Skip this. It's depressing.

I'm feeling pretty depressed and a little suicidal today. Depression is hard, let's be real for a moment. Depression is seriously hard. Pills help, but it's always there waiting for your weakness to show. It wants to kill you. It wants to kill me. I'm stronger than suicide.

I'm worthless. I can't work, as much as I'd love to, there hasn't been a day where I could have gotten through a full day of work without falling asleep. I give myself the illusion that I'm working, but let's face it. Since getting the subbing job I have taken zero gigs. I just haven't felt well enough.
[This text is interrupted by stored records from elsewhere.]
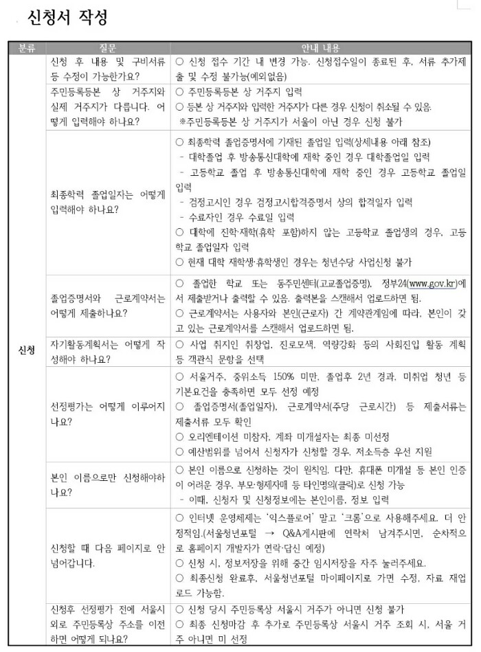 신청방법 : 서울청년포털 (youth.seoul.go.kr) 접속 후 온라인으로 접수한다. 접수기간 내 온라인 신청만 가능하고 직접 접수 및 우편접수는 불가능한다.
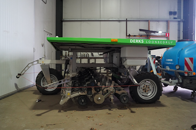 Behalve over een spotsprayer beschikt het bedrijf sinds twee jaar ook over een Farmdroid-zaai- en schoffelrobot. Tot dusver is deze machine alleen ingezet in de eigen suikerbieten en cichorei. "Ook voor deze machine geldt: hij levert goed werk af, maar de capaciteit is niet erg groot. Dat maakt grootschalige inzet lastig", aldus Bern.
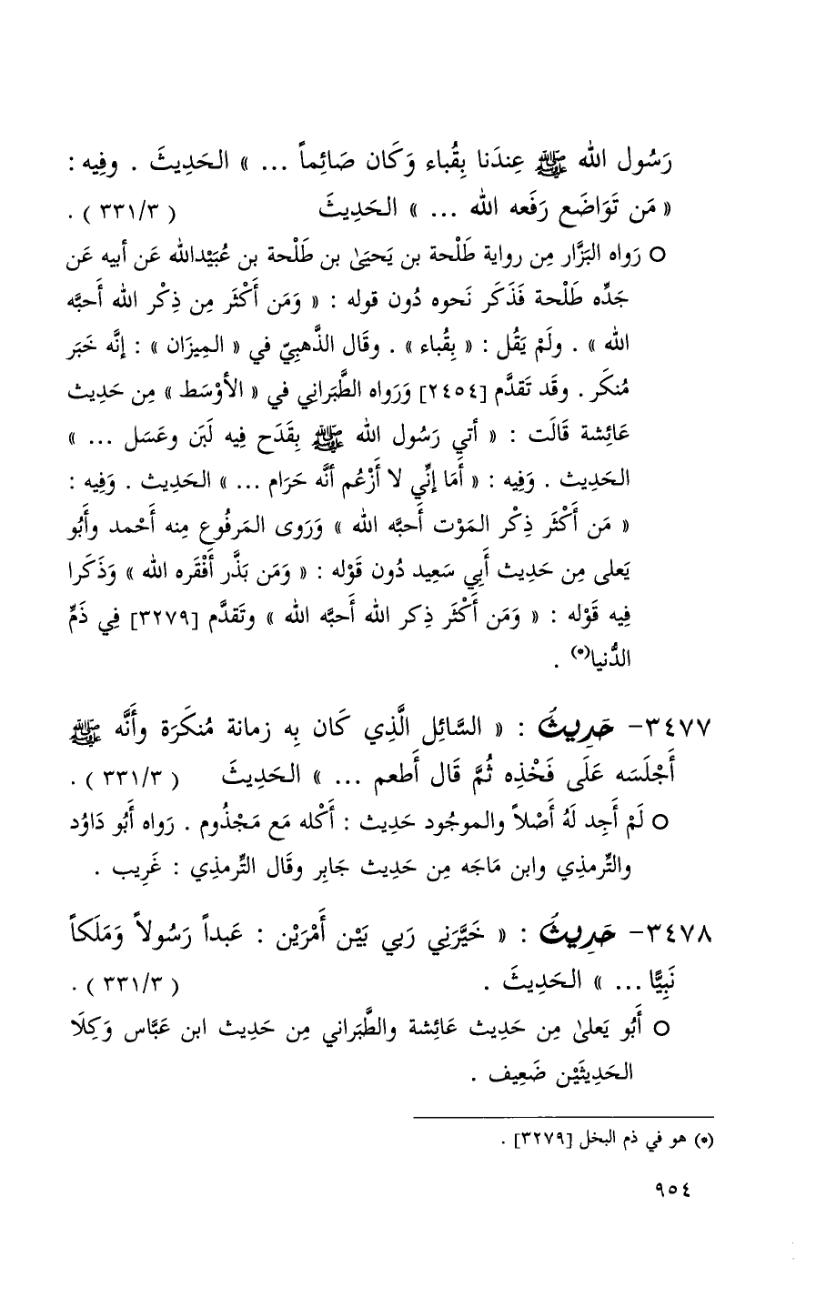 1- رواه البزار من رواية طلحة بن يحي بن طلحة بن عبيد الله عن أبيه عن جده طلحة فذكر نحوه دون قوله ( ومن أكثر من ذكر الله أحبه الله ) ولم يقل بقباء وقال الذهبي في الميزان إنه خبر منكر وقد تقدم 2454 ورواه الطبراني في الأوسط من حديث عائشة قالت ( أتي رسول الله بقدح فيه لبن وعسل . . . ) الحديث وفيه ( أما إني لا أزعم أنه حرام . . . ) الحديث وفيه ( من أكثر ذكر الموت أحبه الله ) وروى المرفوع منه أحمد وأبو يعلى من حديث أبي سعيد دون قوله ( ومن بذر أفقره الله ) وذكراً فيه قوله ( ومن أكثر ذكر الله أحبه الله ) وتقدم 3279 في ذم الدنيا

I'm afraid of both rabid trump and Clinton supporters. I feel like I could lose friendships I treasure just because I didn't vote the right way. I really don't have many friends. I have lots of aquantances. Friends are something I have in short supply. After I got sick friends just stopped wanting to be a part of my life. Now I'm walking on eggshells to keep from upsetting the ones I have. I shouldn't have to, but there it is.

Even gaming, the thing I do to forget my world I suck at. I can't hold my own in it. Even bejeweled seems to be out to get me.

I'm cold.

I'm lonely.

And I don't see Any value in being this cold, lonely, and worthless.

At least I haven't had a ciggarette in 11 days.